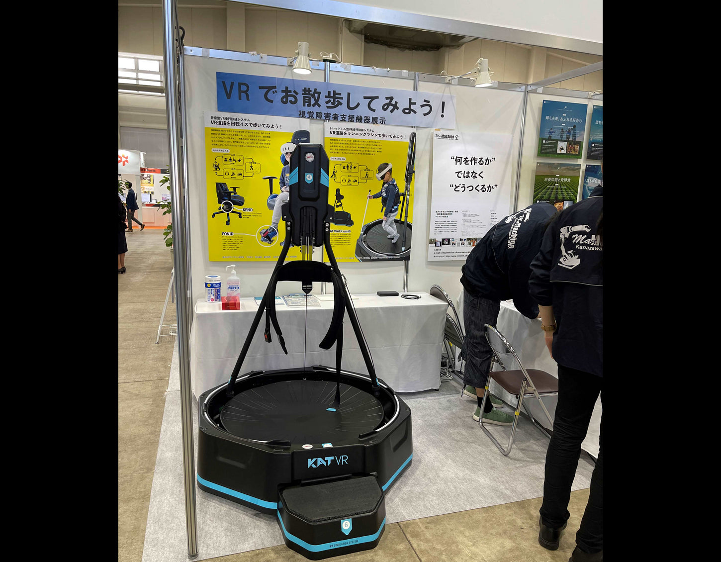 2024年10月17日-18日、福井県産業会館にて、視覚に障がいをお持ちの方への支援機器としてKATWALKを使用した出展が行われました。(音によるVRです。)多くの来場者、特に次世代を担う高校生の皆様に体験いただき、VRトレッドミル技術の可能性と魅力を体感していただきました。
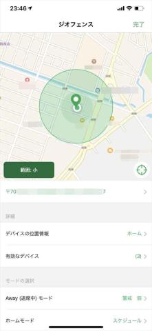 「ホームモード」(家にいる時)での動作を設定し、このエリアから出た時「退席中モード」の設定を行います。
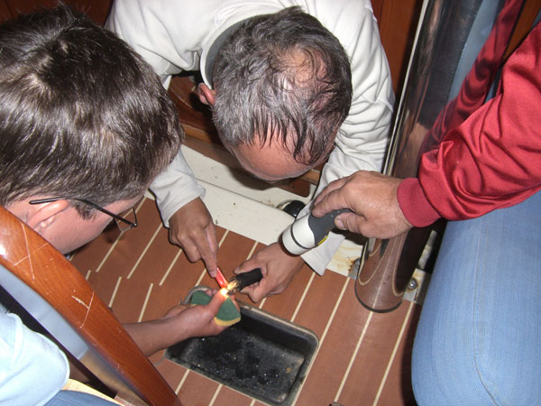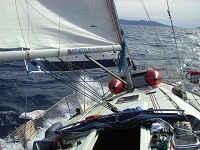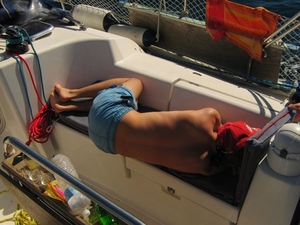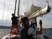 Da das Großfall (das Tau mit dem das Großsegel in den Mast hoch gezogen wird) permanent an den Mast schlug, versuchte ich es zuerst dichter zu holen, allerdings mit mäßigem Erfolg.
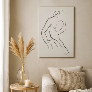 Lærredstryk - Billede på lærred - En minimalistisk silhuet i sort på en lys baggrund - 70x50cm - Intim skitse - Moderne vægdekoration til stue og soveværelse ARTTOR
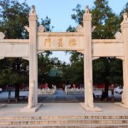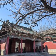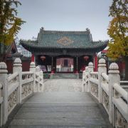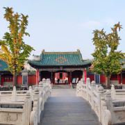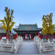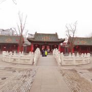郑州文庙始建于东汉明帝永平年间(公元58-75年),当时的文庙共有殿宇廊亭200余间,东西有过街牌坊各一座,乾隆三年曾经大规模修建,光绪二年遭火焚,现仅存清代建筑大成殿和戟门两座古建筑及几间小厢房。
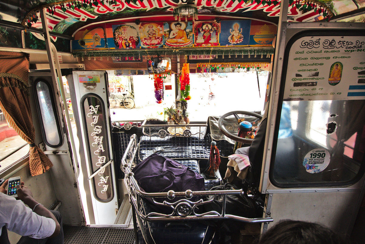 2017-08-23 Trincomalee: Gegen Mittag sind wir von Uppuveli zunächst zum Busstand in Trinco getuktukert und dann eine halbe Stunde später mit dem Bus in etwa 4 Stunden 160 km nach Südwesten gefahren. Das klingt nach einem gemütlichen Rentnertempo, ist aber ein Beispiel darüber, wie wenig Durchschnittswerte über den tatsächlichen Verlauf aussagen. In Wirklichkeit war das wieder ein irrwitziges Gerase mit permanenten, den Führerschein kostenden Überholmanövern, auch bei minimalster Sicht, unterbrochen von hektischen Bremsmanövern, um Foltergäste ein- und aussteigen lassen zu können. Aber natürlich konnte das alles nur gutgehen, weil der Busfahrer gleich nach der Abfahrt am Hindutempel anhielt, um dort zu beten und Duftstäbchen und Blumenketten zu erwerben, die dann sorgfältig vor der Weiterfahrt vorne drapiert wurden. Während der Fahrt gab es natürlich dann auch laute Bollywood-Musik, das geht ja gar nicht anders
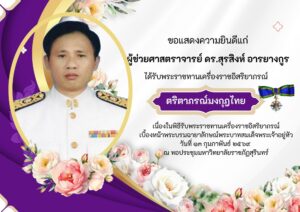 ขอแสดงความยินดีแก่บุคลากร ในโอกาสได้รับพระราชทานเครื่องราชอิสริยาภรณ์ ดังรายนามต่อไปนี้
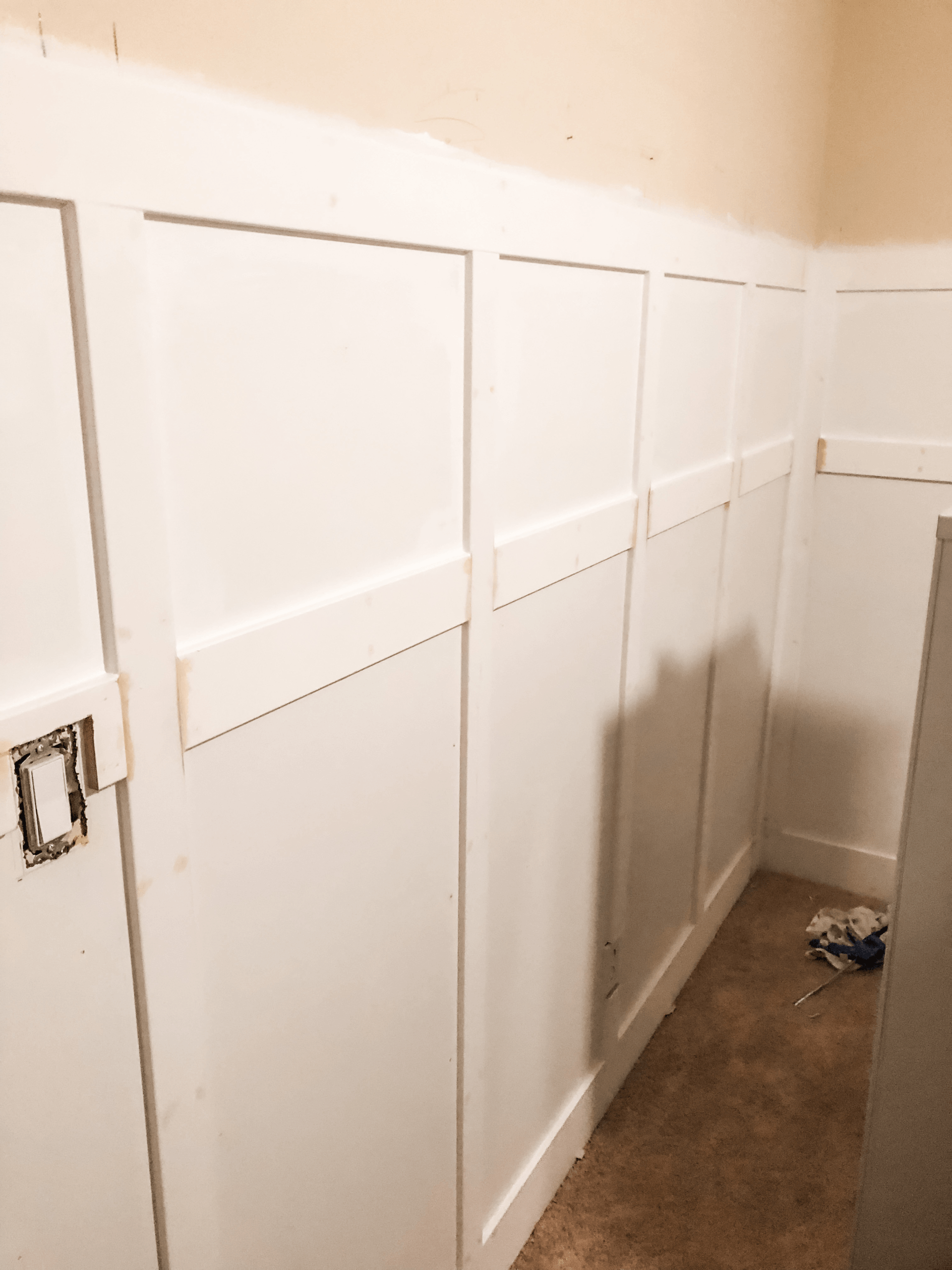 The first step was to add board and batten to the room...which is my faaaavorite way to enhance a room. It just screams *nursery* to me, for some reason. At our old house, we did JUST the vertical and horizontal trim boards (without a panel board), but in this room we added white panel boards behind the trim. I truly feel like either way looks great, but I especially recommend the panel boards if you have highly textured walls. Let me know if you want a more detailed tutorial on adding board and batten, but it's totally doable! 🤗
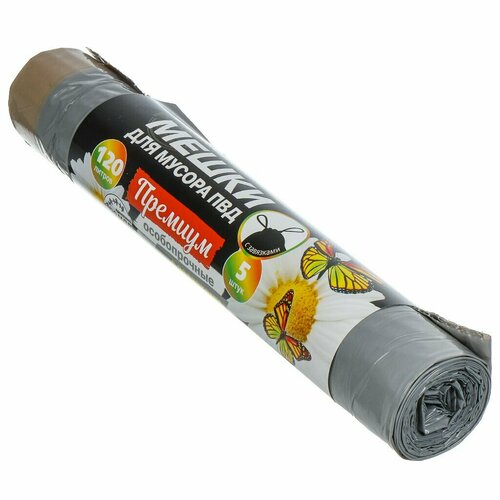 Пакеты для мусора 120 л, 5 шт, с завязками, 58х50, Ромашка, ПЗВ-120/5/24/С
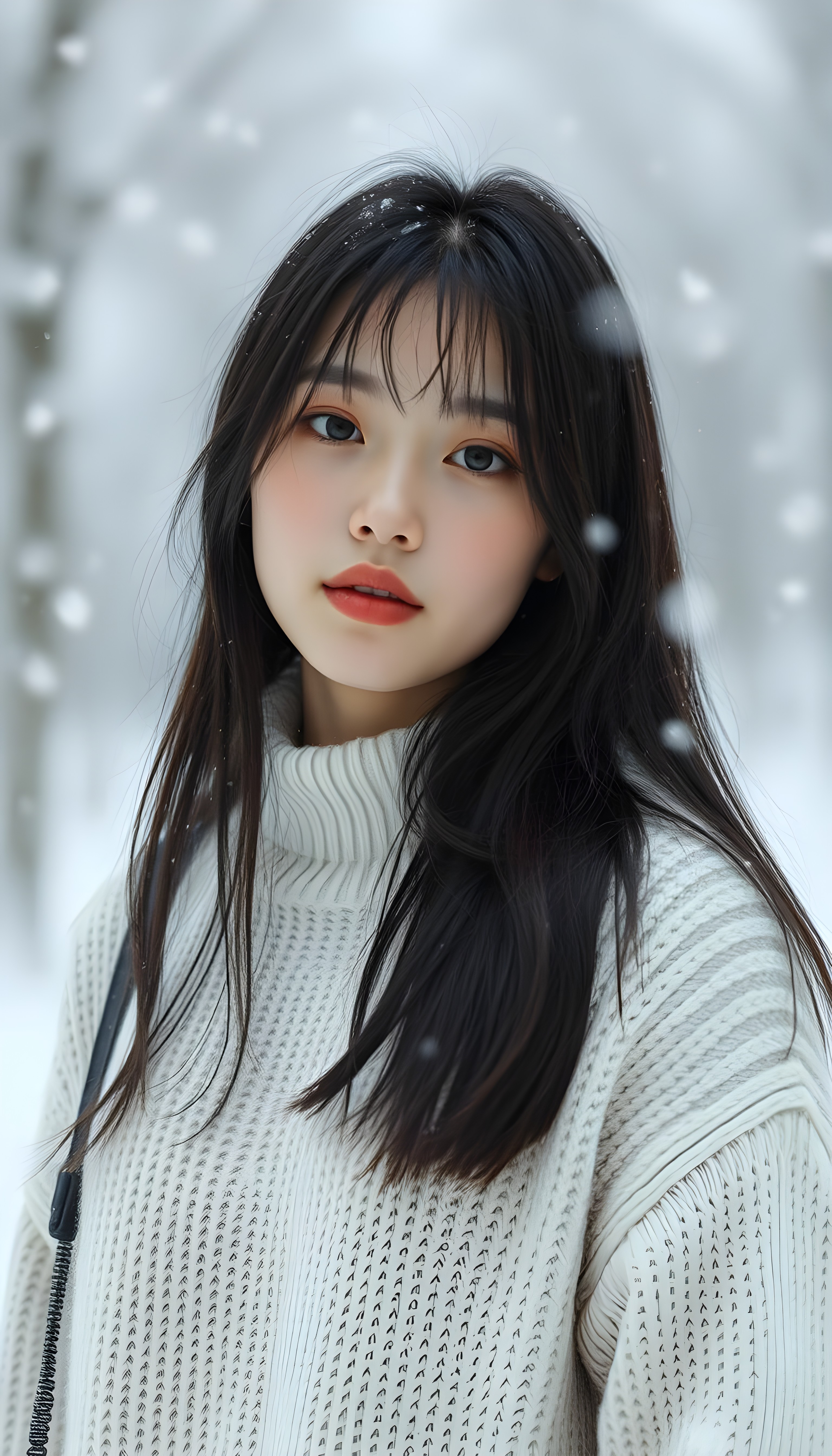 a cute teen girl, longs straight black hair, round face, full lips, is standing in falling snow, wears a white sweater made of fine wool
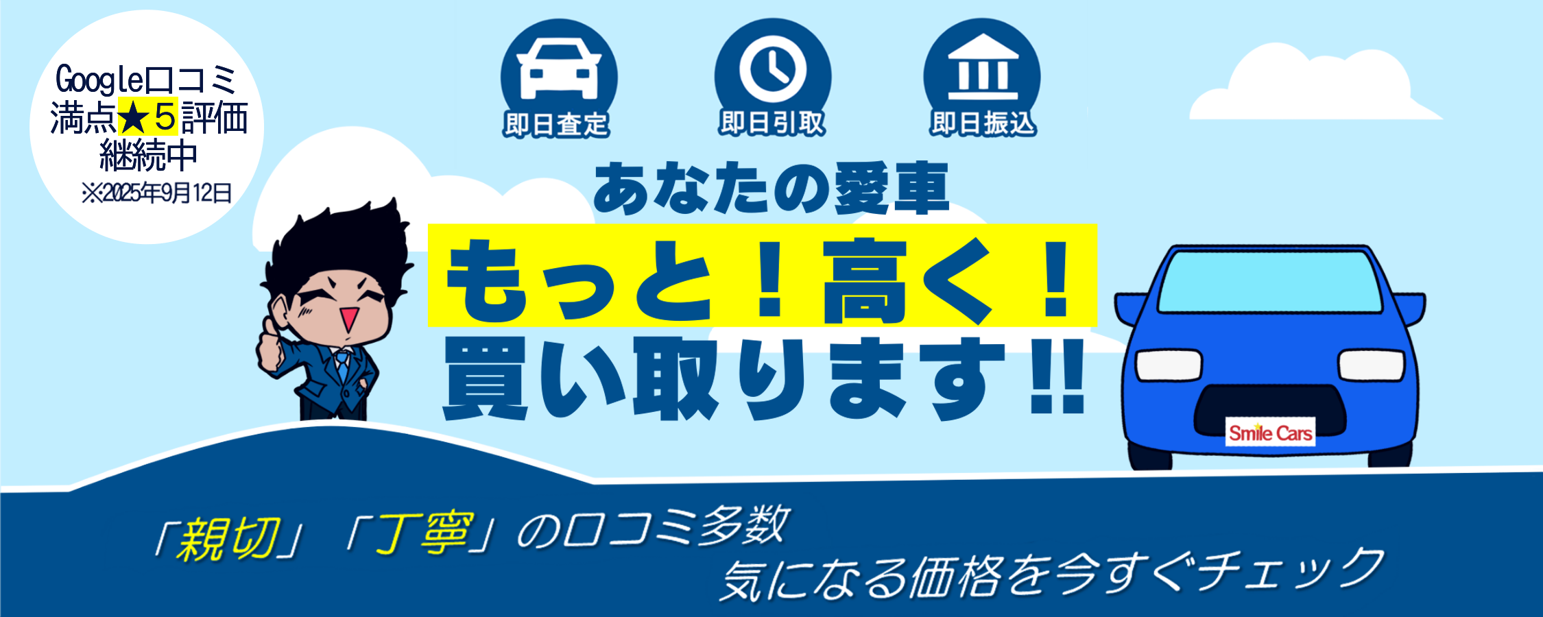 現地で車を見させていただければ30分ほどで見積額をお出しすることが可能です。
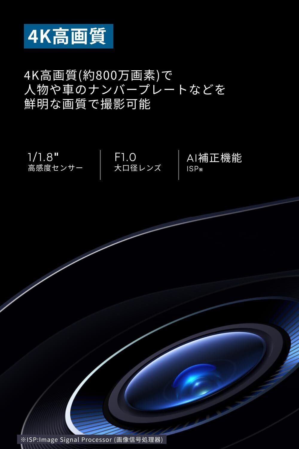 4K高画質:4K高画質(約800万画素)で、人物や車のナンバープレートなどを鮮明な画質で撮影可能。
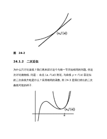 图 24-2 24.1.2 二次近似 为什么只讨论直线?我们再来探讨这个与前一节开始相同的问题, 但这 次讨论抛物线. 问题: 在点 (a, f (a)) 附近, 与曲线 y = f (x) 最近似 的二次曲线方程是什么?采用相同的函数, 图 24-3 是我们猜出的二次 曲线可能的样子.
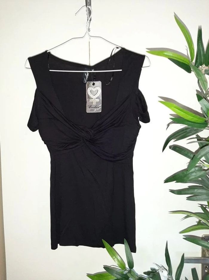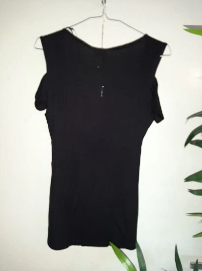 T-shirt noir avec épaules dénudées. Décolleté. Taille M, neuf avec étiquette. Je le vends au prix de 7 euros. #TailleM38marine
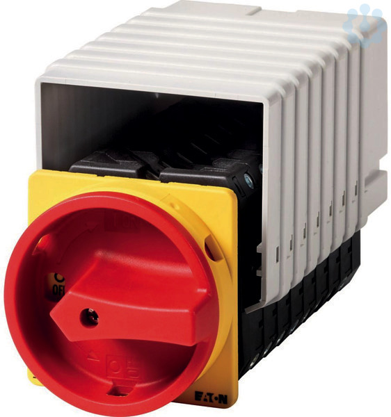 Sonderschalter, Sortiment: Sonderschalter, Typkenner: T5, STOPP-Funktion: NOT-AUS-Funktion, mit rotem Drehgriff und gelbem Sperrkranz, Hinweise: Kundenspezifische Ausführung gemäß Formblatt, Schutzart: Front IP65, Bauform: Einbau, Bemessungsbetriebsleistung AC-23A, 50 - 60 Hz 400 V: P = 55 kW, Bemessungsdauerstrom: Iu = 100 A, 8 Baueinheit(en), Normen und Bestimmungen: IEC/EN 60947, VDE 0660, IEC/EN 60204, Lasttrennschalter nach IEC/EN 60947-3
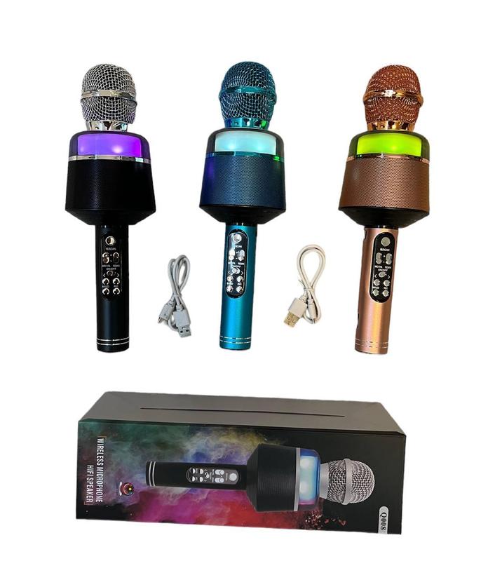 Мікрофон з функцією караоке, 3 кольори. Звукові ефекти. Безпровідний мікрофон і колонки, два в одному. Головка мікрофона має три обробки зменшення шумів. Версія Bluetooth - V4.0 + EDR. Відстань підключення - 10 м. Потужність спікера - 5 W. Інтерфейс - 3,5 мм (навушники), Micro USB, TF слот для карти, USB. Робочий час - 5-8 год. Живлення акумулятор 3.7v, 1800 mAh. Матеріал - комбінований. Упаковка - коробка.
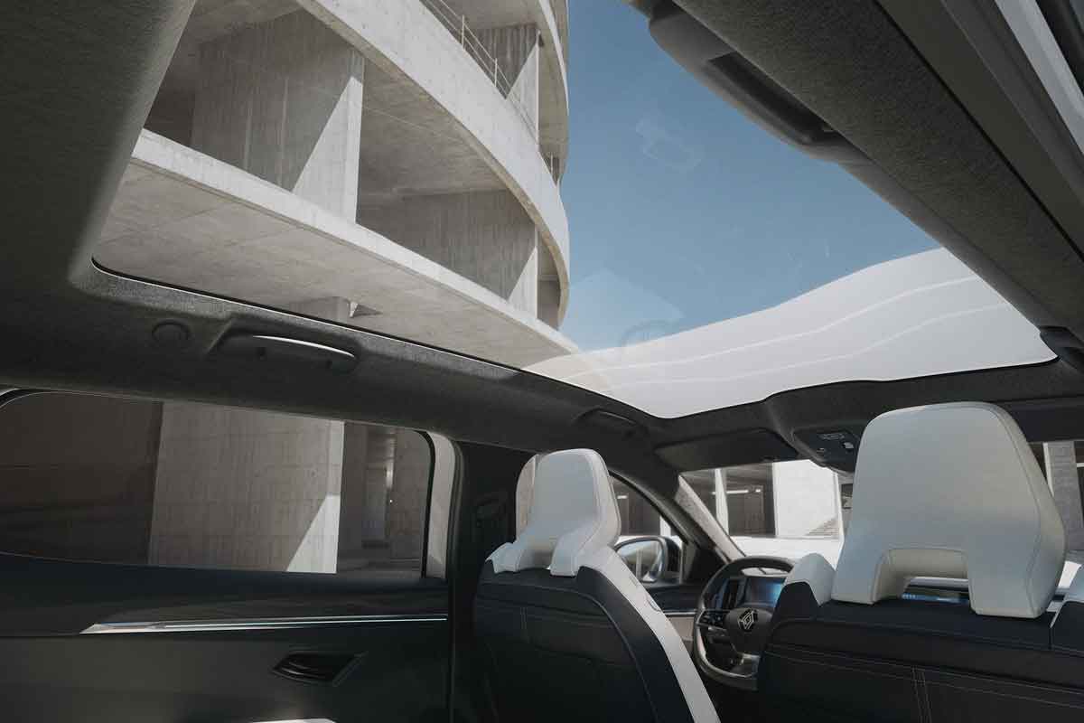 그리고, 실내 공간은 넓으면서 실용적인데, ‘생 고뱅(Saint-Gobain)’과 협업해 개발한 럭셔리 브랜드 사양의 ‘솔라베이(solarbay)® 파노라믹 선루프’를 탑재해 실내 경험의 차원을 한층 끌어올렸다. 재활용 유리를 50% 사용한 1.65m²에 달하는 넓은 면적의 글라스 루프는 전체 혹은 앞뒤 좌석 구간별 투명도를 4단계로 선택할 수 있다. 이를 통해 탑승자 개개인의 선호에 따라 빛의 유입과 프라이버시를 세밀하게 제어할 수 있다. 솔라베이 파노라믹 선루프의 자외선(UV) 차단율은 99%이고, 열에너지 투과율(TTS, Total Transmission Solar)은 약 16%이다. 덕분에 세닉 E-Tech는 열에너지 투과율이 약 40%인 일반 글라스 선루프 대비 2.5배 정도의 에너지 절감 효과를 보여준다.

+++

▸ **TASK TO COMPLETE**:
Using the data above, retype exactly the lines from the line with "4K高画質:4K高画質(約8" to the line with "Мікрофон з функцією", inclusive. No pictures and nothing else.

▸ **WRITTEN SOLUTION**:
 4K高画質:4K高画質(約800万画素)で、人物や車のナンバープレートなどを鮮明な画質で撮影可能。
 图 24-2 24.1.2 二次近似 为什么只讨论直线?我们再来探讨这个与前一节开始相同的问题, 但这 次讨论抛物线. 问题: 在点 (a, f (a)) 附近, 与曲线 y = f (x) 最近似 的二次曲线方程是什么?采用相同的函数, 图 24-3 是我们猜出的二次 曲线可能的样子.
 T-shirt noir avec épaules dénudées. Décolleté. Taille M, neuf avec étiquette. Je le vends au prix de 7 euros. #TailleM38marine
 Sonderschalter, Sortiment: Sonderschalter, Typkenner: T5, STOPP-Funktion: NOT-AUS-Funktion, mit rotem Drehgriff und gelbem Sperrkranz, Hinweise: Kundenspezifische Ausführung gemäß Formblatt, Schutzart: Front IP65, Bauform: Einbau, Bemessungsbetriebsleistung AC-23A, 50 - 60 Hz 400 V: P = 55 kW, Bemessungsdauerstrom: Iu = 100 A, 8 Baueinheit(en), Normen und Bestimmungen: IEC/EN 60947, VDE 0660, IEC/EN 60204, Lasttrennschalter nach IEC/EN 60947-3
 Мікрофон з функцією караоке, 3 кольори. Звукові ефекти. Безпровідний мікрофон і колонки, два в одному. Головка мікрофона має три обробки зменшення шумів. Версія Bluetooth - V4.0 + EDR. Відстань підключення - 10 м. Потужність спікера - 5 W. Інтерфейс - 3,5 мм (навушники), Micro USB, TF слот для карти, USB. Робочий час - 5-8 год. Живлення акумулятор 3.7v, 1800 mAh. Матеріал - комбінований. Упаковка - коробка.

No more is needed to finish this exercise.